MapR software does map-reduce, a process for analyzing vast amounts of data. Version 2.0 of its product is being unveiled at the 2012 Hadoop Summit in San Jose, Calif.
MapR, which delivers its own version of the
Apache
Hadoop distribution for crunching big data, is unveiling version 2.0 of its
product at the 2012 Hadoop Summit June 13 and 14 in San Jose, Calif., where it
will also announce that a cloud version of its applications will be available
through Amazon Web Services (AWS).
Typical of software companies based on open
source, MapR has two versions of its products: MapR M3, which is free; and MapR
M5, which is a commercial version of the product with more advanced features
than the free one, including high availability, the ability to make data
snapshots and do mirroring of datasets, and 24/7 support with an annual
subscription.
The deal with Amazon Web Services means that
MapR will be one more option for cloud services in Amazons Map Reduce Service.

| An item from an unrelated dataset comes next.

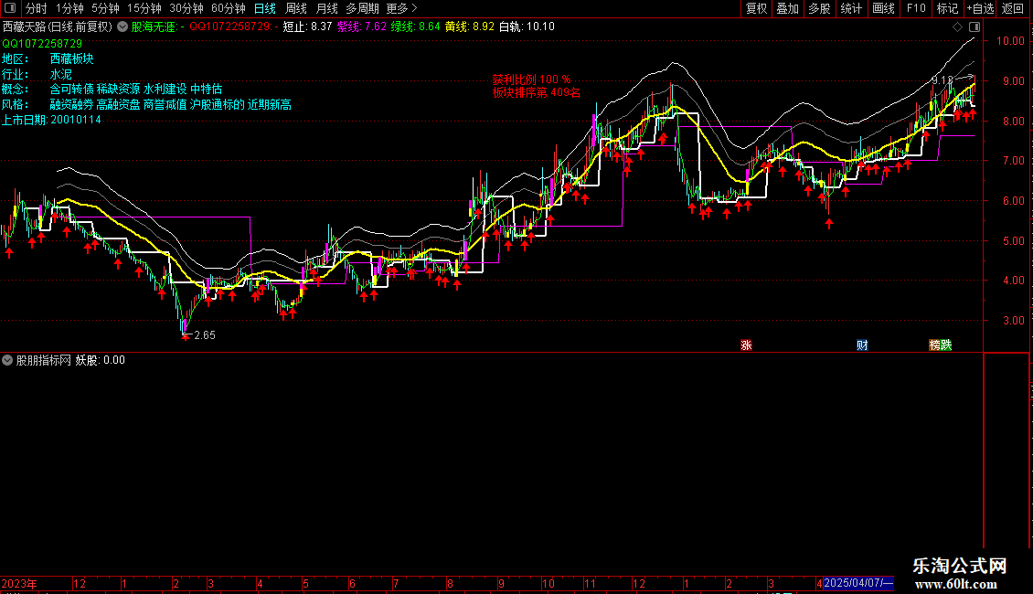 2. 牛股起爆指标:用于捕捉“牛股”的启动信号。它结合了“妖股”信号出现后的时间窗口、价格站上“黄线”以及特定的均线金叉与放量条件。

MapR will also integrate with other Amazon Web Services such as S3 (for Simple
Storage Service), DynamoDB, a NoSQL database service and Amazon CloudWatch, a
cloud monitoring service
Apache Hadoop is an open-source framework for
analyzing and organizing vast amounts of data using whats called the MapReduce
process, originally developed by Google. Google released Hadoop to the open-source
community, and the framework is now known as Apache Hadoop. MapReduce is a
framework for processing
parallel problems across huge data sets
using a large number of computer nodes, collectively referred to as a compute
cluster.
In the Map part of the process, the master
node takes the huge data input, divides it into smaller sub-problems and
distributes them to worker nodes in the cluster. The master node then collects
the answers to all the sub-problems and combines them in a way so as to answer
the problem it was originally trying to solve. MapReduce is central to
management of so-called big data in organizations that want to perform data
analytics on petabyte-scale databases to obtain the supporting information they
need to make business decisions.
The MapR solution is the first non-Amazon
Hadoop distribution to be offered within AWS, said Jack Norris, vice president
of marketing for MapR. While an enterprise can already run MapR as a
cloud service in an Amazon cloud, this integration is better.
With this integration, it now is very
simple, very straightforward to provision a cluster in the cloud and integrate
it into Amazon. Amazon does all of the billing, the support and its also a
reflection of the differentiation of MapR [from competitors], said Norris.
Those differentiators, he said, include
better data protection and the ability to do data snapshots and mirroring while
providing better performance through a reduction in input/output (I/O) speeds
through compression and improved replication management.
Other providers of Apache Hadoop-based
software include Cloudera, EMC Greenplum (from an acquisition storage vendor
EMC made in 2010), and
Hortonworks,
a co-host of the Hadoop Summit in San Jose. EMC Greenplum has two
Hadoop-based products, an EMC-based HD version and a MapR, which is actually
MapRs product resold by EMC, Norris said.